What happens once your software is actually running in production? Ensuring that it stays up-and-running is important. And depending on what the system does, and how much traffic it needs to handle, that may not be particularly easy.
There are systems that will allow developers to run their code and not need to think about it. Platforms as a service option like Google’s App Engine go a long way to reducing and, in some companies, removing operations. However, not every system can or will run on such platforms. Which means that having qualified operations engineers is an important thing.
The role of an operations engineer is continually evolving; which isn’t a surprise since changes in technology never slows down.
So, if the job falls on you to keep a system up-and-running, where do you start? What needs to happen? These are the questions this course aims to answer.
In this course, we take a look at some of tasks that operations engineers need to address. I use the term operations engineer as an umbrella, to cover a wide variety of job titles.
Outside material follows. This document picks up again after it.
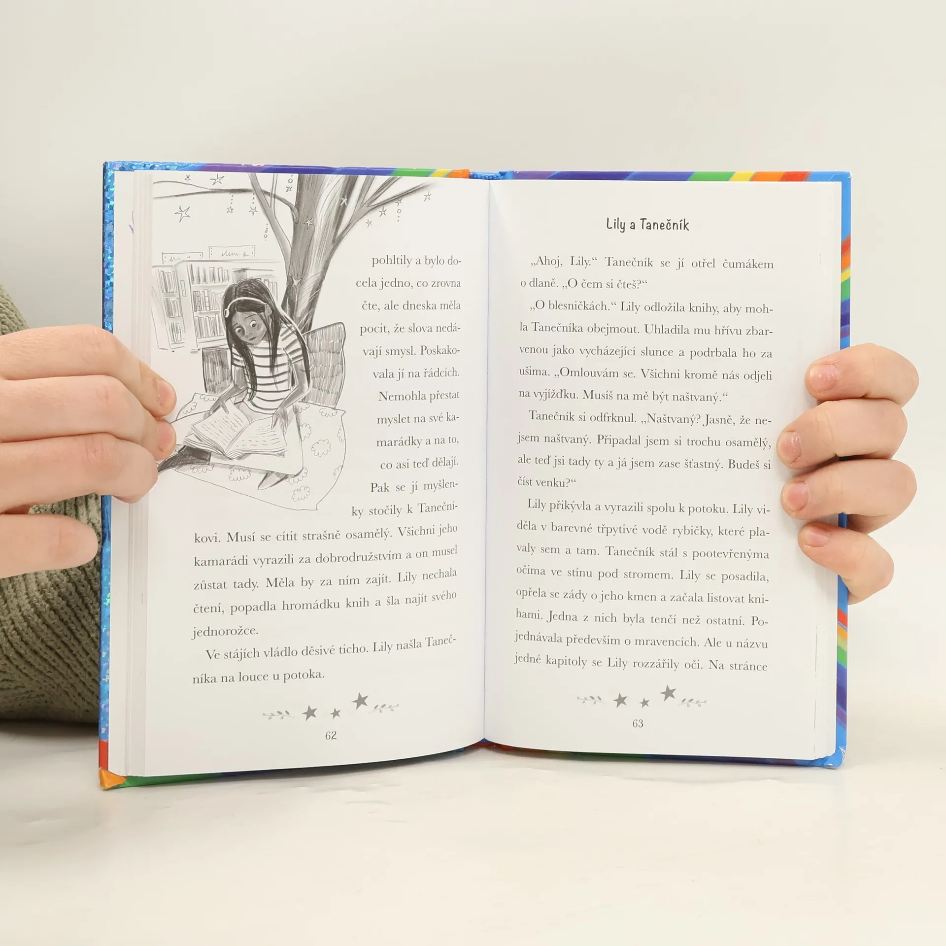 Lily je na Akademii jednorožců tak šťastná! Miluje svého laskavého a starostlivého jednorožce Tanečníka. Jen by si přála, aby se tolik nebála, když mu sedí na hřbetě a on s ní uhání a skáče stejně rychle jako jejich přátelé. Když ale stromy kolem Třpytivého jezera náhle začnou umírat, Lily musí překovat své obavy a vydat se na napínavé dobrodružství, aby našla lék! Kniha je určena dětem od 7 let.

Titles such as ops engineer, operations engineer, site reliability engineer, devops engineer, among others, all fall under this umbrella.
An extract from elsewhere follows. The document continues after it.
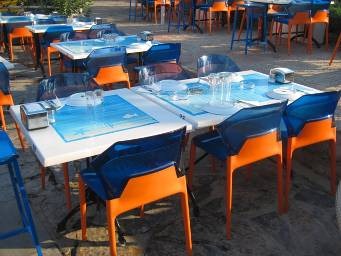 (Our dinners were eaten indoors with AC and paper place mats advertising something I should remember, but don’t.)

Regardless of the name of the title, the responsibilities involve keeping a system up-and-running, with little or no downtime. And that’s a tough thing to do because there are a lot of moving parts.
If you’re just starting out, and are interested in one of those roles, then the fundamentals in this course may be just what you need. These fundamentals will prepare you for more advanced courses on specific cloud providers and their certifications.
Topics such as high availability are often covered in advanced courses, however they tend to be specific to a cloud provider. So this course will help you to learn the basics without needing to know a specific cloud provider.
If this all sounds interesting, check it out! :)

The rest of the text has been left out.